§ **WHAT TO WORK ON**:
The answer should consist of the records below, repeated exactly, and no pictures.

§ **RECORDS FOR THIS TASK**:

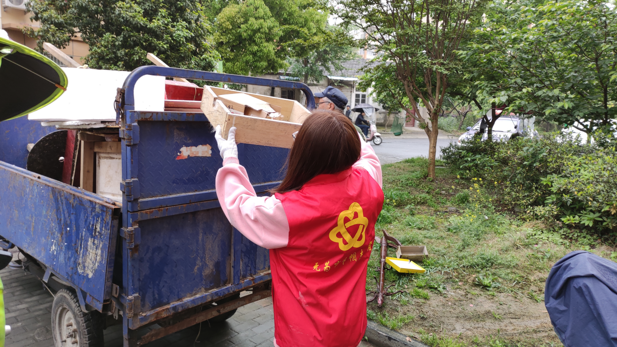活動現場,樓道中堆滿了各種各樣的生活雜物,影響了小區(qū)衛(wèi)生和居民的生活環(huán)境。志愿者們有的將各種堆放在樓梯的垃圾搬運到樓外,有的將垃圾放在垃圾桶里。大家分工協作,發(fā)揚吃苦耐勞的品質,將小區(qū)樓道清理死角的垃圾清理干凈。為小區(qū)居民營造出干凈美觀的公共衛(wèi)生環(huán)境。
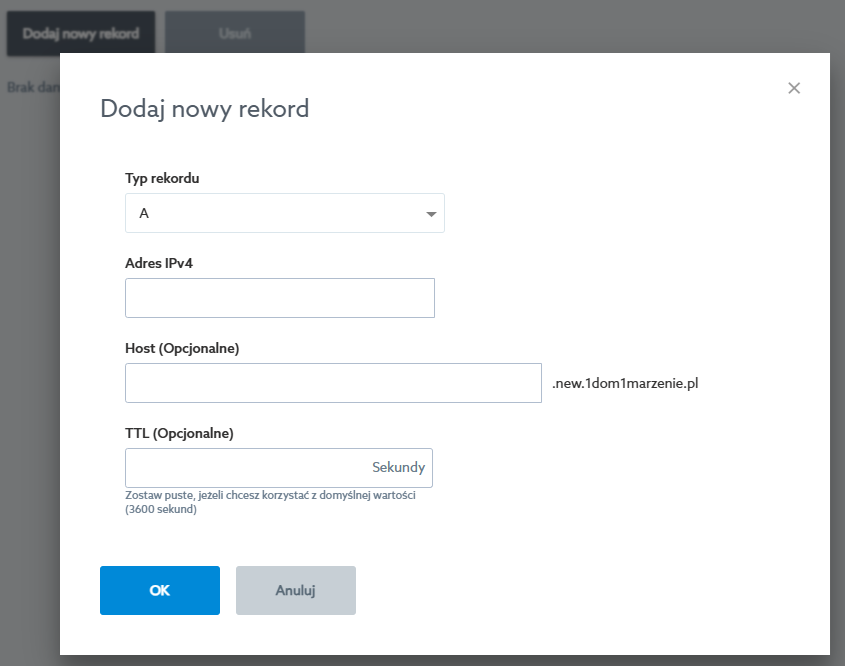 - TTL (opcjonalne): możesz zostawić puste i korzystać z domyślnej wartości (3600 sekund).
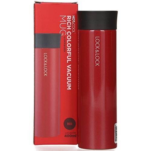 LOCK & LOCK LHC4019R Colorful Stainless Steel Vacuum Insulated Thermal Travel Mug, 13.5 oz, Red
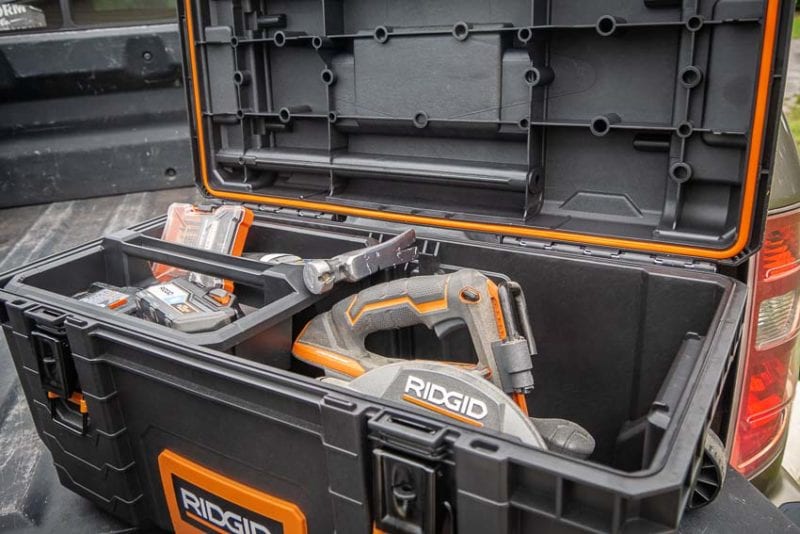 Ridgid has a weather-resistant gasket surrounding the underside of the lid. When closed, the box protects your tools against water and dust ingress.
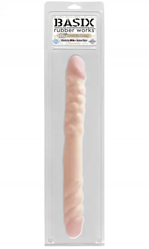 Двойной фаллоимитатор BASIX 16 DOUBLE DONG. Очень реалистично сделанный фаллос, имеет рельефную поверхность для чувственной стимуляции. Мягкий и приятный на ощупь, гнется. Длина – 40,6 см, диаметр – 4,4 см. Отлично подходит для одновременной стимуляции 2-х человек.
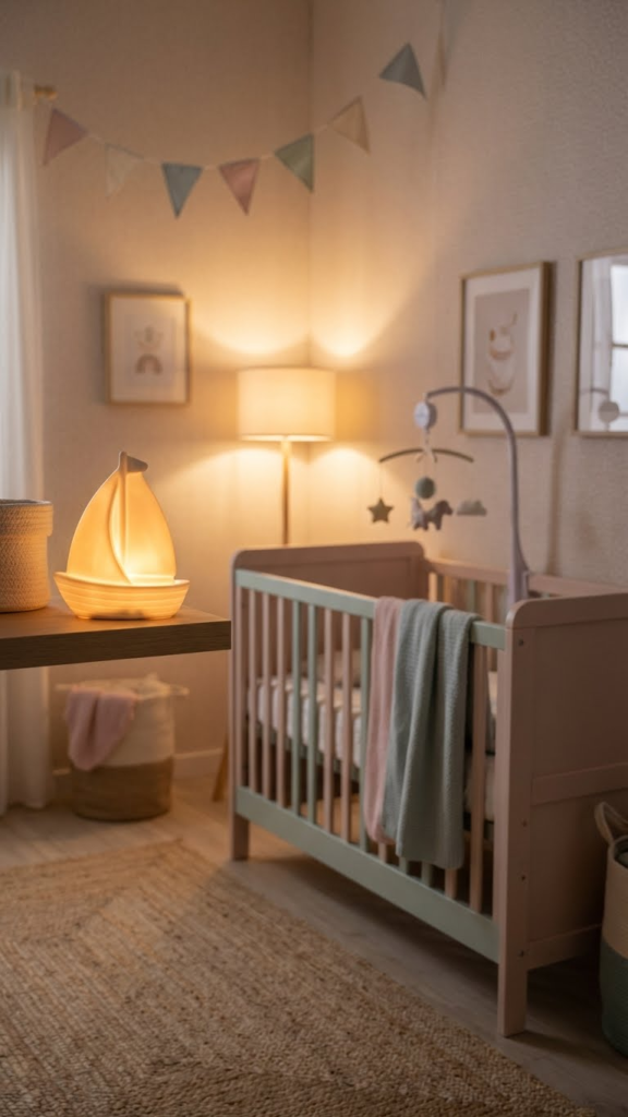 Soft night lighting shaped like a lighthouse, boat, or fish enhances the nursery’s ambiance. Warm, dim lights create a calming effect for bedtime while staying consistent with the theme. Battery-operated options reduce hazards from cords and can easily be relocated. I love night lights because they serve a functional purpose while reinforcing the overall design, making late-night feedings a little more magical.
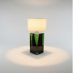 Illuminate Your Space with Elegance Introducing the exquisite Black Teak Square and Green Resin Table Lamp—a perfect blend of modern design and natural beauty. This stunning table lamp is not just a source of light but a statement piece that enhances the aesthetic of any room.
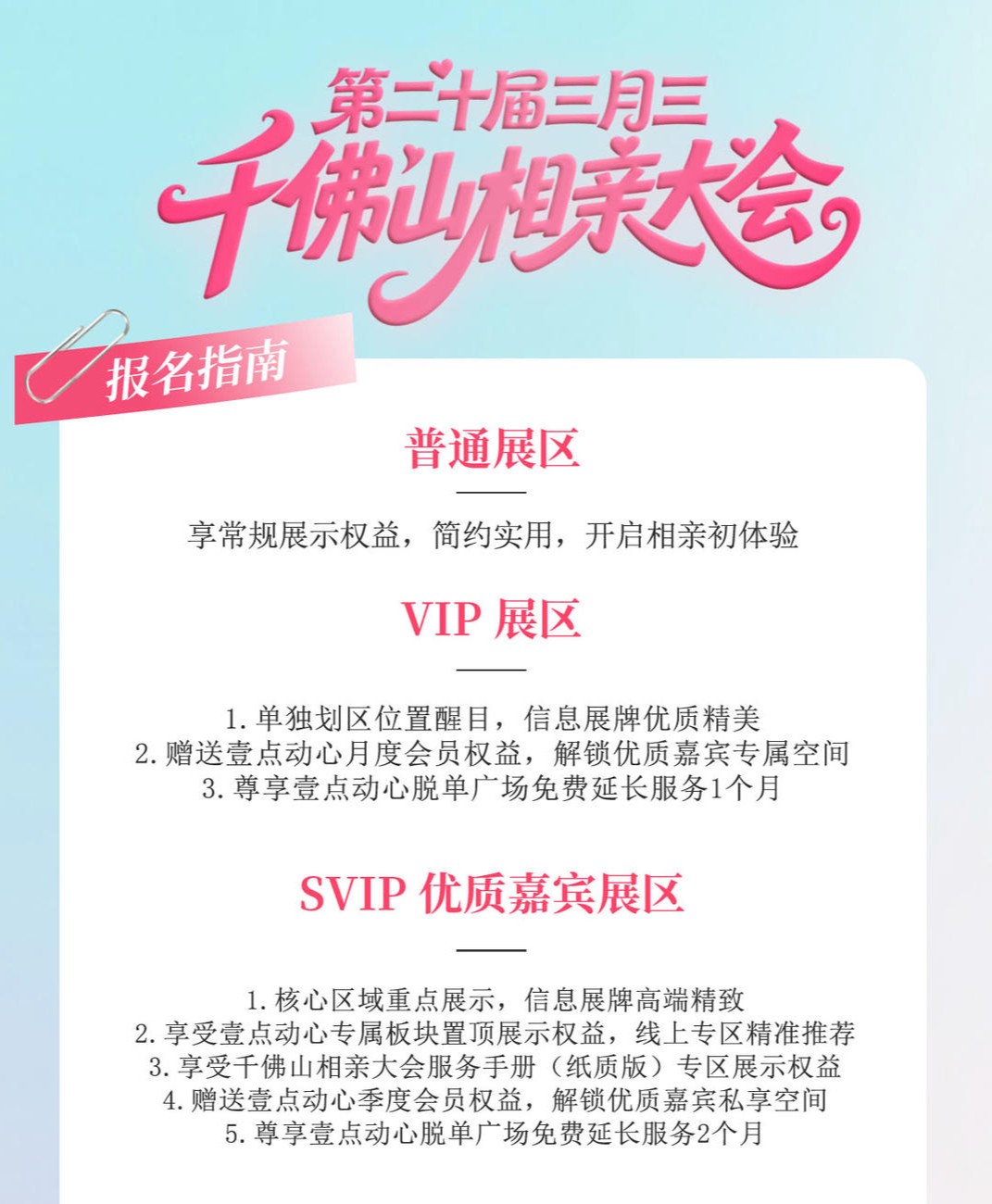 为更好服务广大单身朋友,满足多样化相亲需求,第20届三月三千佛山相亲大会开设普通展区、VIP展区、SVIP优质嘉宾展区三大类型展区,不同展区匹配专属权益。
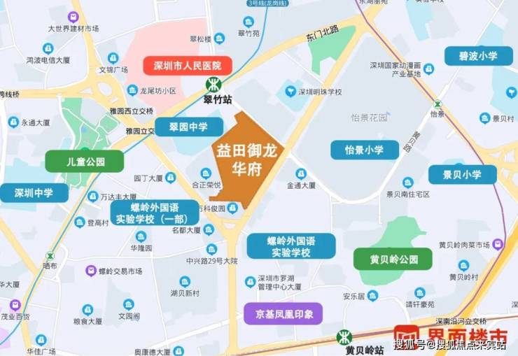 周边教育资源也十分丰富,益田御龙天地紧邻全市排名前四的翠竹外国语实验学校,这是罗湖老牌重点学校,师资力量强,生源也非常优质,升学率放在整个深圳一直都是第一梯队。(目前正在拆除重建,预计2023年8月投入使用)

§ **WRITTEN ANSWER**:
活動現場,樓道中堆滿了各種各樣的生活雜物,影響了小區(qū)衛(wèi)生和居民的生活環(huán)境。志愿者們有的將各種堆放在樓梯的垃圾搬運到樓外,有的將垃圾放在垃圾桶里。大家分工協作,發(fā)揚吃苦耐勞的品質,將小區(qū)樓道清理死角的垃圾清理干凈。為小區(qū)居民營造出干凈美觀的公共衛(wèi)生環(huán)境。
 - TTL (opcjonalne): możesz zostawić puste i korzystać z domyślnej wartości (3600 sekund).
 LOCK & LOCK LHC4019R Colorful Stainless Steel Vacuum Insulated Thermal Travel Mug, 13.5 oz, Red
 Ridgid has a weather-resistant gasket surrounding the underside of the lid. When closed, the box protects your tools against water and dust ingress.
 Двойной фаллоимитатор BASIX 16 DOUBLE DONG. Очень реалистично сделанный фаллос, имеет рельефную поверхность для чувственной стимуляции. Мягкий и приятный на ощупь, гнется. Длина – 40,6 см, диаметр – 4,4 см. Отлично подходит для одновременной стимуляции 2-х человек.
 Soft night lighting shaped like a lighthouse, boat, or fish enhances the nursery’s ambiance. Warm, dim lights create a calming effect for bedtime while staying consistent with the theme. Battery-operated options reduce hazards from cords and can easily be relocated. I love night lights because they serve a functional purpose while reinforcing the overall design, making late-night feedings a little more magical.
 Illuminate Your Space with Elegance Introducing the exquisite Black Teak Square and Green Resin Table Lamp—a perfect blend of modern design and natural beauty. This stunning table lamp is not just a source of light but a statement piece that enhances the aesthetic of any room.
 为更好服务广大单身朋友,满足多样化相亲需求,第20届三月三千佛山相亲大会开设普通展区、VIP展区、SVIP优质嘉宾展区三大类型展区,不同展区匹配专属权益。
 周边教育资源也十分丰富,益田御龙天地紧邻全市排名前四的翠竹外国语实验学校,这是罗湖老牌重点学校,师资力量强,生源也非常优质,升学率放在整个深圳一直都是第一梯队。(目前正在拆除重建,预计2023年8月投入使用)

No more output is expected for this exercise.